PVP Greenlight 12/6/16 My experience!

Posted , 13 users are following.

Over the next few weeks, I intend to chronicle here my experience following my PVP surgery.  I will attempt to as brief as possible.  I have heard so many horrible stories and warnings from so many men, that I thought I would relay my experience as it happens for those of you who might be planning your own PVP.

Had to be at hospital 0900 today.  Prep was minimal.  first step was to strip down to nothing and remove a wedding band that is now smaller than my knuckle.   Tests for blood sugar (I'm diabetic), blood pressure, and insert IV which took 4 tries.

A visit from the anestesiologist, and then my urologist. I asked him if I could give him some words of encouragement and he said sure.  I said, "Brian, don't f*ck up my dick"!  He gave me a hearty laugh. 

surgery was scheduled for 1200 and by 12-7 they wheeled me out of prep room towards OR, but I don't think I ever saw it.

I woke up at1445.  Groggy as hell and with strong discomfort inside the end of my penis.with catheter inserted.  I got some pain killers, antibiotics, and anti-bladder spasm meds as well as some coaching on emptying the bag.  
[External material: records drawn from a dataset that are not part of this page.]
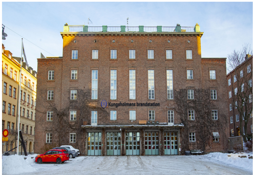
Bilden visar Kungsholmens Brandstation som uppfördes på 1930-talet.

Kungsholmens Brandstation, Kartagos Backe 3, ligger längs med Hantverkargatan, mittemot Kungsholmens gymnasium på Kungsholmen. Fastighetskontoret förvärvade fastigheten 2009. En omfattande upprustning och renovering av Kungsholmens brandstation, med syftet att verksamhetsanpassa lokalerna åt Storstockholms Brandförsvär, är i slutskedet.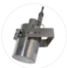
Extincteur EX100LI/EX200LI (option)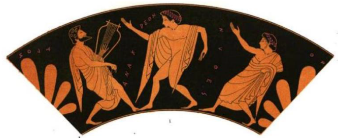
Ερυθρόμορφη κύλικα που εμφανίζει τον λυρικό ποιητή Ανακρέοντα και δυο νέους να χορεύουν.

Αναγεννησιακή μουσική σε αρχαίους ελληνικούς και αγγλικούς στίχους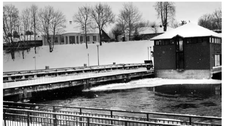
Vanduo abiejose užtvankos pusėse buvo susilyginęs. Šliuzai liko po vandeniu.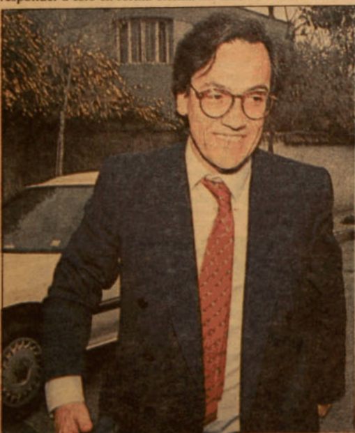
Senador Sebastián Piñera: "Jamás pensamos que fuésemos a terminar con estas encargatorias de reo".

Sobre la resolución que deberá emitir el Tribunal Supremo de Renovación Nacional, que analiza sanciones para los militantes involucrados en el caso, Sebastián Piñera dijo que es de esperar que sea "un fallo en justicia, en conciencia, que a cada uno se le aplique el castigo que se merece, de acuerdo a las faltas cometidas. Que no sea un fallo que intente equilibrio o compensaciones políticas".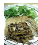
261 トンちゃんも びっくり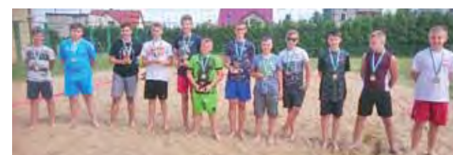
Siatkarze biorący udział w Gminnym Turnieju Piłki Siatkowej Chłopców.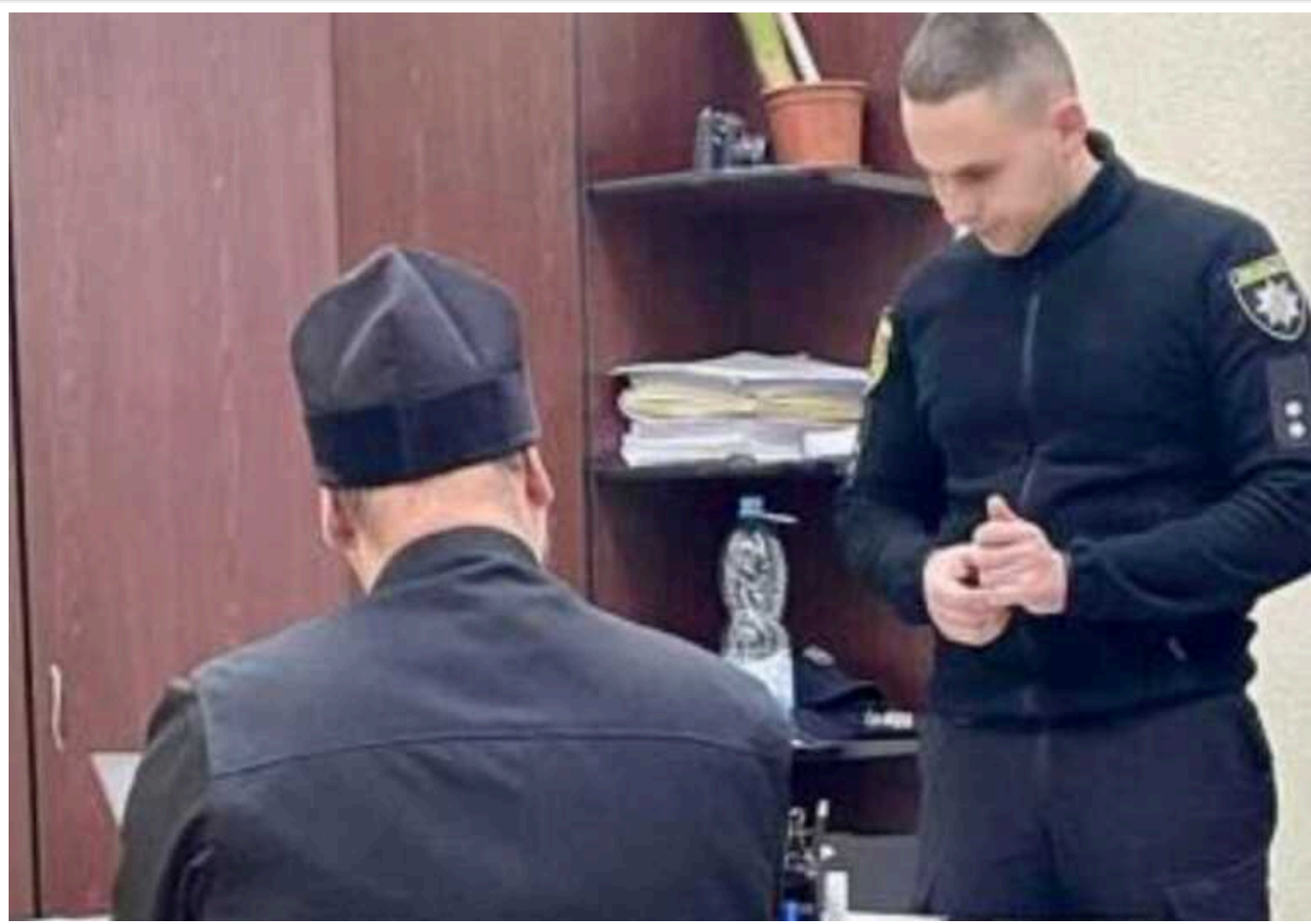
На Закарпатті викрили московських попів у пропаганді тоталітарного режиму

Настоятелю храму та священнику чоловічого монастиря Хустської єпархії УПЦ МП загрожує до п'яти років ув'язнення.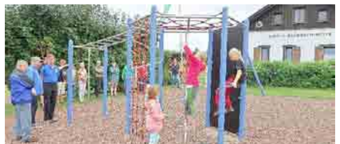
Auch am neugestalteten Hüttenspielplatz sind noch Erweiterungen vorgesehen

Kontakt: Benno Fernkorn, 03693 / 89 22 583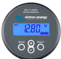
Bluetooth-Erkennung BMV-712 Smart Battery Monitor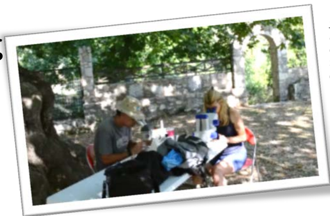
30.7.2015 Εργασία πεδίου στη θέση Πρόδρομος στον Άγιο Ιωάννη Αρκαδίας, στο πλαίσιο του έργου "Καταγραφή και παρακολούθηση των ειδών ασπόνδυλων".

Συγκεκριμένα, πραγματοποιήθηκε εργασία στην πορεία υλοποίησης και ολοκλήρωσης της Γ' Φάσης και της έναρξης της Δ' Φάσης των περισσότερων προγραμμάτων παρακολούθησης, κατά τη διάρκεια του Β τετραμήνου το προσωπικό του Φ.Δ.εργάστηκε σε δύο άξονες. Στον πρώτο άξονα, η Επιτροπή Παραλαβής των έργων προέβηκε στον έλεγχο και τις διορθώσεις των παραδοτέων των αναδόχων και την οριστική παραλαβή των τελικών παραδοτέων Ενδιάμεσης Έκθεσης Φάσης Υποέργου ή και Λήξη Φάσης Υποέργου. Ο δεύτερος άξονας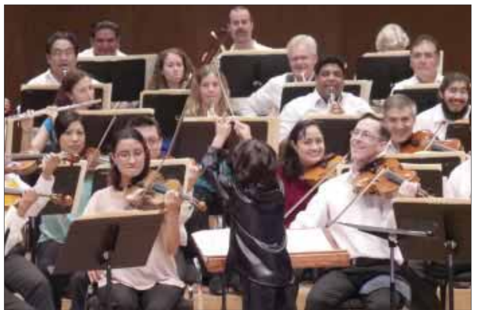
El concierto terminó de manera espectacular, con un baile a ritmo de "Galop de Orfeo en los infiernos", mejor conocido como "Can Can" de Jaques Offenbach, dirigida por un pequeño de no más de 5 años, que entusiasmado subió al escenario y se adueñó de la batuta.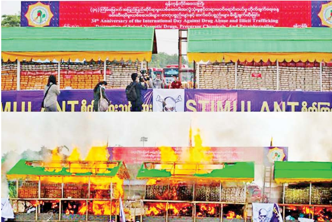
၂၆-၆-၂၀၂၁ ရက်က ရန်ကုန်မြို့၌ သိမ်းဆည်းရမိမူးယစ်ဆေးဝါးများအား မီးရှို့ဖျက်ဆီးစဉ်။

မူးယစ်ဆေးဝါး၏ ပင်ရင်းဖြစ်သည့် “ဘီနန်း” ဟူသော ဝေါဟာရသည် မြန်မာဝေါဟာရမဟုတ်ဘဲ မူလဇာတိဒေသဖြစ်သော ဥရောပတိုက်မြေထဲပင်လယ်အာရှမိုင်းနားဒေသတွင် အိဗွန်ဟုခေါ်ဆို၍ ယင်းကို အိန္ဒိယဘာသာစကားဖြင့် ‘အဖိန်း’ ဟု ခေါ်ဆိုရာမှ မွန်မြန်မာဘာသာဖြင့် ‘ဘီနန်း’ ဟူ၍ ဖြစ်ပေါ်လာခြင်းဖြစ်သည်။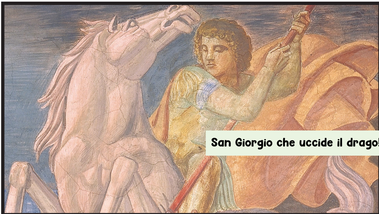
San Giorgio che uccide il drago!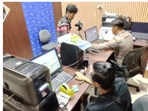
(Melakukan pengecekan performance pada Komputer)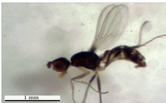
Figura 3 – Indivíduo da família Sepsidae ( Archiseopsis sp.) associado a flores de Aristolochia galeata , na reserva Biológica Unilavras Boqueirão. (foto Thiago Marinho).

representados principalmente por Megaselia sp.. Este gênero é comumente encontrado em flores de Aristolochia argentina (Trujillo & Sérsic, 2006). Segundo Rulik e colaboradores (2008), espécies de Phoridae são polinizadores potenciais por carregarem pólen em seu corpo. Muitas espécies do gênero Megaselia ocorrem em uma ampla variedade de materiais biológicos em decomposição de origem animal e vegetal (Robinson, 1971) o mesmo acontece com Archiseopsis sp. (Sepsidae) comumente encontrada em fezes bovinas (Amaral, 1996) e provavelmente por isso visite enganosamente flores de Aristolochia galeata que exala odor semelhante a estrume de porco. Assim as espécies avaliadas neste estudo são provavelmente atraídas pelo odor fétido que a flor libera durante a sua ântese (Faegri and van der Pijl, 1979). Todas as flores coletadas apresentavam odor fétido e os insetos abrigavam-se na região mais profunda da corola, junto ao estigma da flor.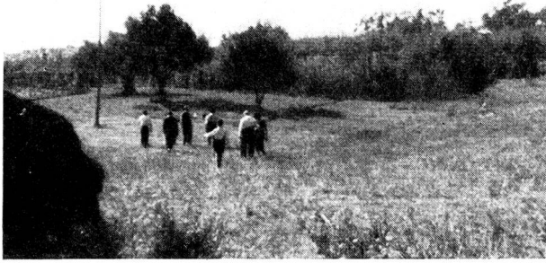
Die «Ebene» zwischen Villa und Berglehne.

noch wird Dr. B. im Asilo bleiben können. Die Gemeinde fordert immer bestimmter ihre Räume zurück. Sie braucht sie notwendig für eigene Aufgaben. Und Dr. B. muss seine Kinder wieder hinaus-schicken in die Strassen der Großstadt, wo noch Hunderte von Verdebnis bedroht sind. Seine und seiner Kinder einzige Hoffnung ist: Hilfe aus der Schweiz!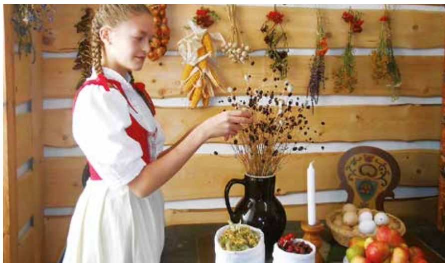
Kostýmované prohlídky na EHD 2015, v podání žáků ZŠ Hornická

Startovala kurikulární reforma českého školství, tvořily se rámcové vzdělávací programy (RVP) a na ně navazující vzdělávací plány jednotlivých škol. Do českého školství masově vtrhl fenomén projektového vyučování. Pochopili jsme, že pro úspěšnou spolupráci se školami se musíme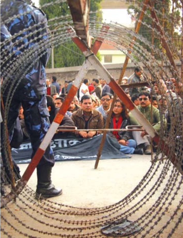
ජනමාධ්‍යවේදීන්ගේ රාජකීය ඒකාධිපතිත්වය පැවැති වර්ෂ පුරාම දෛනික ජීවිතයේ දුෂ්කර තත්ත්වයන් අත්විඳියේය.

තවමත් සිදු වෙමින් පවතින ප්‍රජාතන්ත්‍රවාදී පරිවර්ථනය මෙතෙක් සුමට බවක් පෙන්වුම් කර නොමැත. හිටපු මාවෝවාදී සටන්කාමීන් රාජ්‍යයේ ආරක්ෂක වැඩසටහනට එකතු කර ගැනීම මෙන්ම නව ව්‍යවස්ථාවක් සම්පාදනය කිරීමේ දුෂ්කර කාර්යය ද තවමත් කළ යුතුව ඇත. රටෙහි ස්ථිර දේශපාලන නායකත්වයක් නොමැති වීම තුළ පවත්නා සමාජ දේශපාලන සහ ආර්ථික අවිනිශ්චිත භාවයද ඉහළ නංවා ඇත.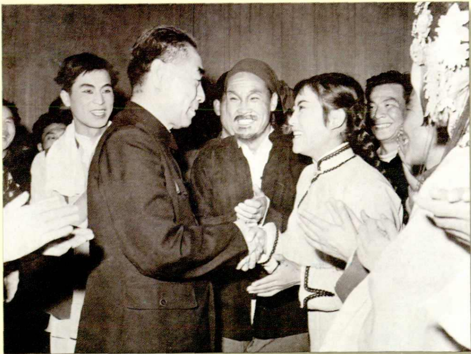
1958年周恩来总理接见陕西省赴京汇报演出团演员

The nurse also secured the cath line to my inner thigh so that a tug on the main line wouldn't pull on the line into the penis.  There is not enough lead there and sitting on toilet promotes a pull of it's own.  Can't adjust it because there is a hard plastic connector in the line right there; so no alternative but to leave it be.

Was in the car at 1700  to go home just in time for horrific Atlanta traffic and took 1.5 hours to go 25 miles.

It's 2100 now and am getting used to the feeling of the cath in my trouser worm.  It's very uncomfortable but sensation pain has gone from about a 5 to a 2 or 3.  Bag has been emptied once but needs to be done again before I turn it.  Ate some dinner, a small pasta with broth and an egg around 1930.  Trying to drink plenty of water as advised.

I feel no pain whatsoever except for the point of insertion of the cath.  That is having a very calming effect on me, but, my dick does hurt.

Cath out Friday.  

Report back tomorrow.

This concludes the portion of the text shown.